### Exercise directions
What you output must match the entries exactly, apart from the pictures, which are left out.

(Stored data entries)

========

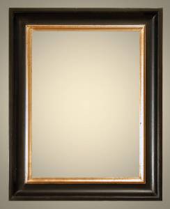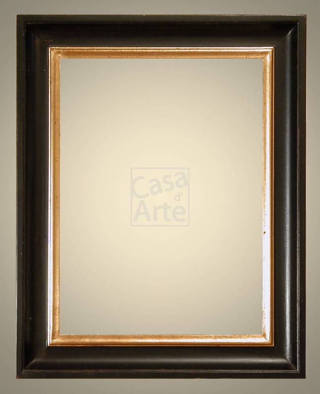 Cornice in legno di tiglio massello laccata a mano con bordo interno in argento fino a guazzo lucidato con pietre d’agata e ossidato. Rifinita con patine e cere naturali.
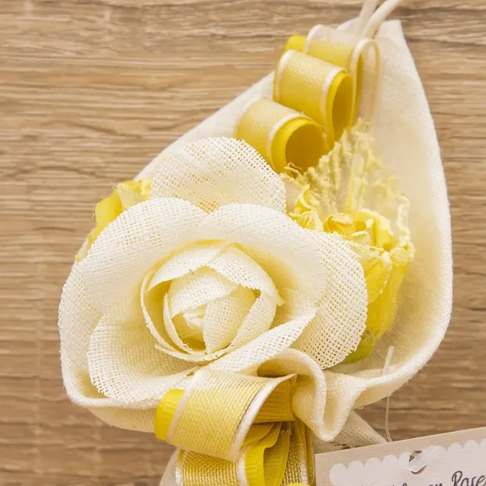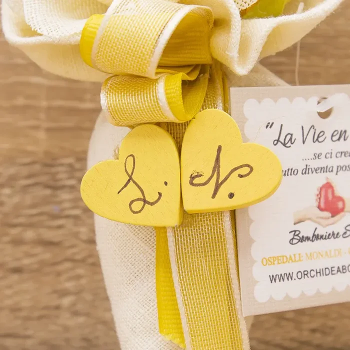 Sacchetto panna a forma di cono, nastro giallo ocra, organza panna, due rose giallo ocra con foglie, fiore panna e due cuoricini in legno con iniziali personalizzate.
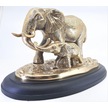 Ahşap Kaide Üzeri Pirinç Fil Ve Yavrusu
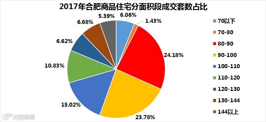 2017年,在合肥所有的网签楼盘中,80-90㎡的户型销量较多,成交占比为24.18%;其次是90-100㎡,占比23.78%;100-110㎡的成交占比15.02%,其他面积段的成交占比都较小。
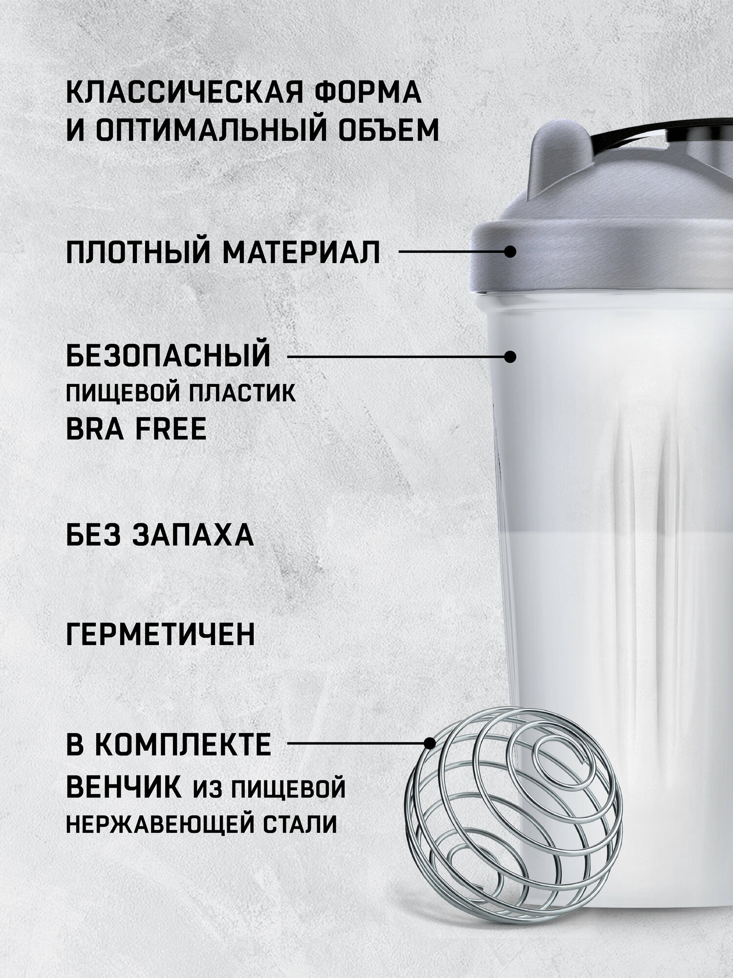 Шейкер для спортивного питания Sports Element "Хрусталь белый" 600 мл с шариком (венчиком)
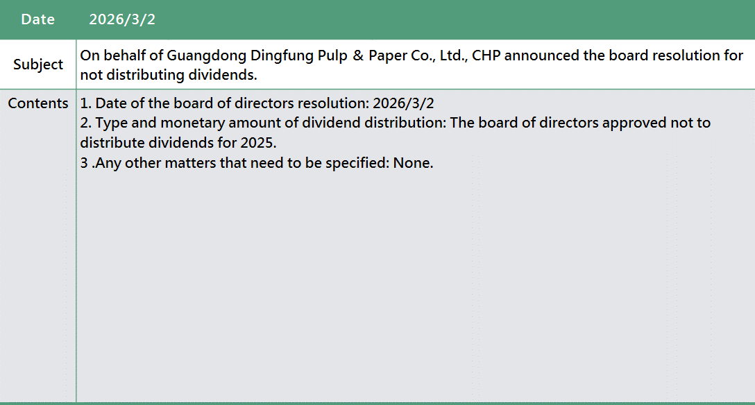 On behalf of Guangdong Dingfung Pulp & Paper Co., Ltd., CHP announced the board resolution for not distributing dividends.
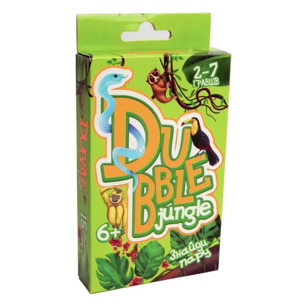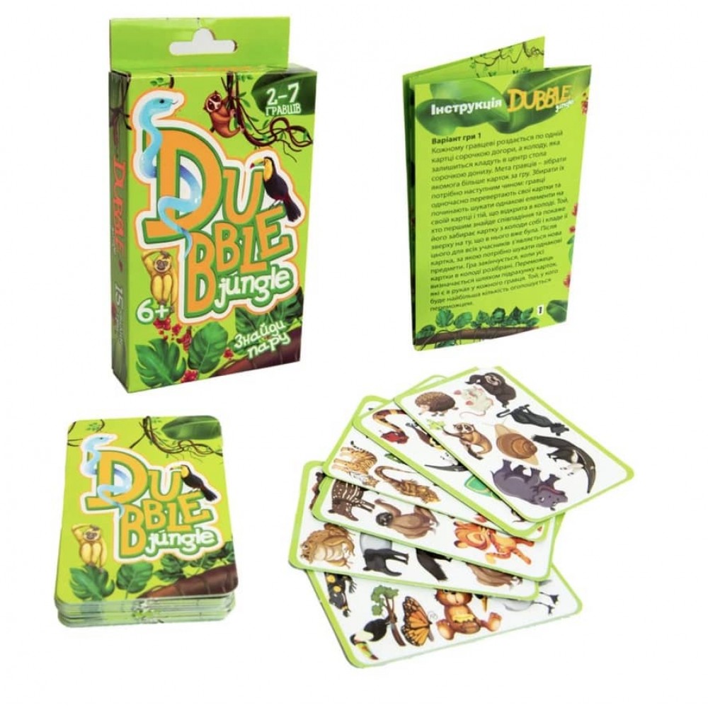 «Dubble jungle» (Дабл Джангл) – активна карткова гра на швидкий пошук збігів. Дітям необхідно порівнювати свою картку з іншими картками та швидше за інших гравців знаходити однакові малюнки на них. Переможцем стає той, хто збере найбільше карток зі збігами. У цій грі доведеться використати всю свою уважність, спритність і пам'ять. Тому веселе заняття перетвориться на справжнє тренування.

========

### Exercise response
 Cornice in legno di tiglio massello laccata a mano con bordo interno in argento fino a guazzo lucidato con pietre d’agata e ossidato. Rifinita con patine e cere naturali.
 Sacchetto panna a forma di cono, nastro giallo ocra, organza panna, due rose giallo ocra con foglie, fiore panna e due cuoricini in legno con iniziali personalizzate.
 Ahşap Kaide Üzeri Pirinç Fil Ve Yavrusu
 2017年,在合肥所有的网签楼盘中,80-90㎡的户型销量较多,成交占比为24.18%;其次是90-100㎡,占比23.78%;100-110㎡的成交占比15.02%,其他面积段的成交占比都较小。
 Шейкер для спортивного питания Sports Element "Хрусталь белый" 600 мл с шариком (венчиком)
 On behalf of Guangdong Dingfung Pulp & Paper Co., Ltd., CHP announced the board resolution for not distributing dividends.
 «Dubble jungle» (Дабл Джангл) – активна карткова гра на швидкий пошук збігів. Дітям необхідно порівнювати свою картку з іншими картками та швидше за інших гравців знаходити однакові малюнки на них. Переможцем стає той, хто збере найбільше карток зі збігами. У цій грі доведеться використати всю свою уважність, спритність і пам'ять. Тому веселе заняття перетвориться на справжнє тренування.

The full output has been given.